Return nothing but the lines from the one with "Hundreds of individuals" through the one with "Fig. 4. Trench 1 view along trench" in the data below, word for word and without pictures.

Data excerpts:
----

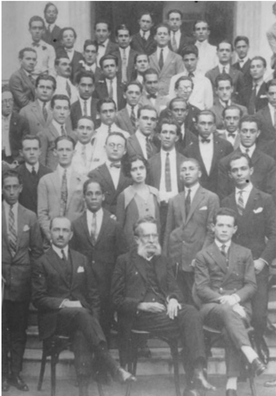
Figure 2. Nise da Silveira with her medical colleagues, 1926. Bahia Faculty of Medicine, Salvador, BA, Brazil.
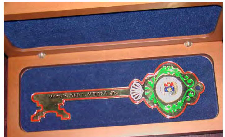
This is the key to Manila. We're not sure which gates or doors it unlocks, but the Mayor assured us it is very powerful!
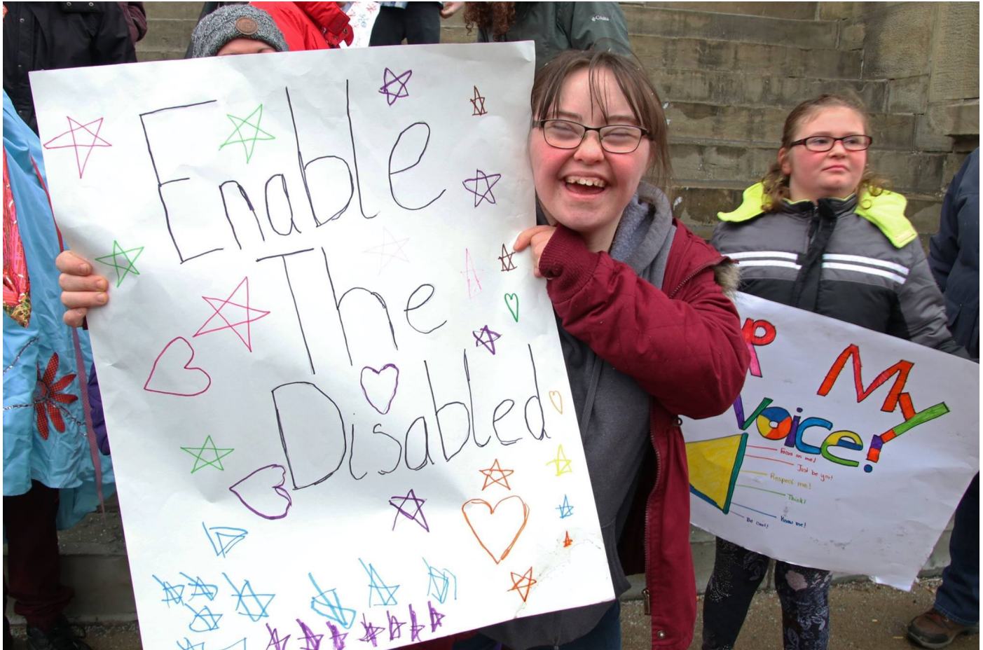
Students proudly display their posters made for the 2nd annual “March on Court Street” for Disability Awareness.

Hundreds of individuals and almost a dozen organizations took to Court Street, laughing and walking hand-in-hand to celebrate the start of Developmental Disabilities Awareness Month.
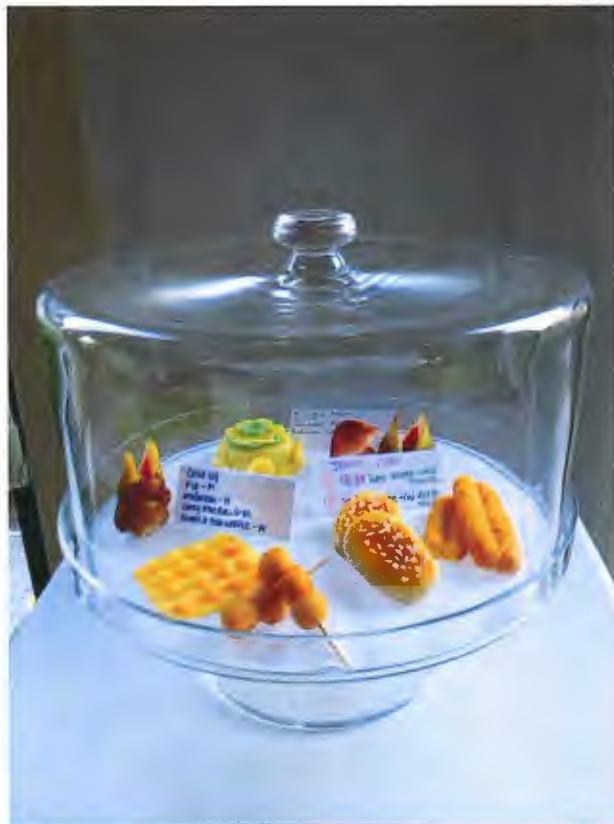
The Sculpted Feast
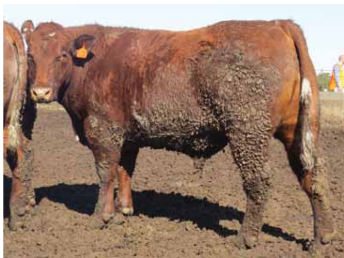
Marellan 3112. 25 months. 3.3kg gain. 505kg dressed. Sired by Crathes Flying Spur. Flying Spur is a Western Australian Bull we purchased because of his feet and carcass shape. He is the sire of lots; 3,4,5,8 & 32.
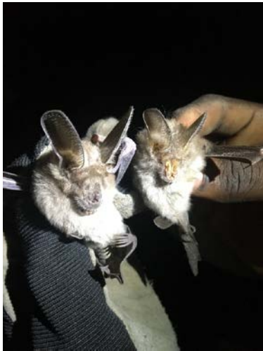
Nycteris macrotis & N. hispida
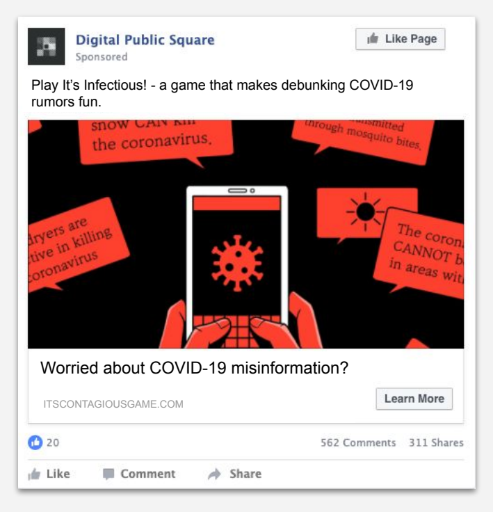
Game focused 3a
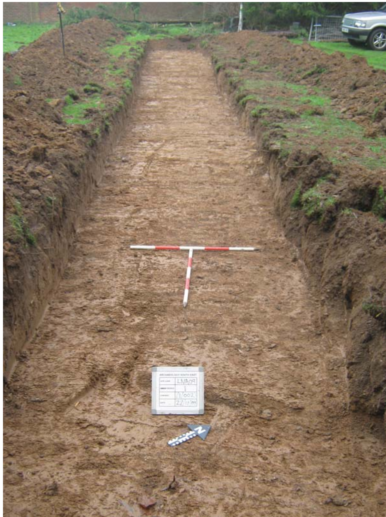
Fig. 4. Trench 1 view along trench
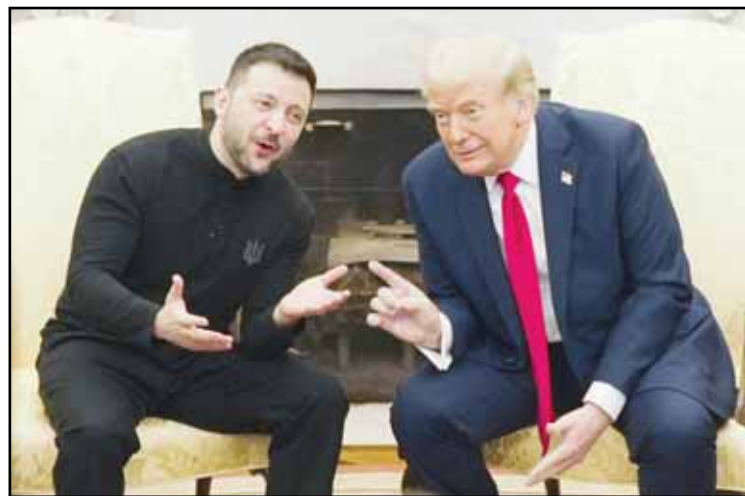
US President Donald Trump, right, meets with Ukrainian President Volodymyr Zelenskyy in the Oval Office at the White House on Feb 28, in Washington.

Zelenskyy's main objective going into the sit-down had been to press Trump not to abandon his country and to warn against moving too closely to Russian President Vladimir Putin. Instead he got shouted at while Trump appeared to play up the drama for the cameras.

----

Solution to this task:
Hundreds of individuals and almost a dozen organizations took to Court Street, laughing and walking hand-in-hand to celebrate the start of Developmental Disabilities Awareness Month.
The Sculpted Feast
Marellan 3112. 25 months. 3.3kg gain. 505kg dressed. Sired by Crathes Flying Spur. Flying Spur is a Western Australian Bull we purchased because of his feet and carcass shape. He is the sire of lots; 3,4,5,8 & 32.
Nycteris macrotis & N. hispida
Game focused 3a
Fig. 4. Trench 1 view along trench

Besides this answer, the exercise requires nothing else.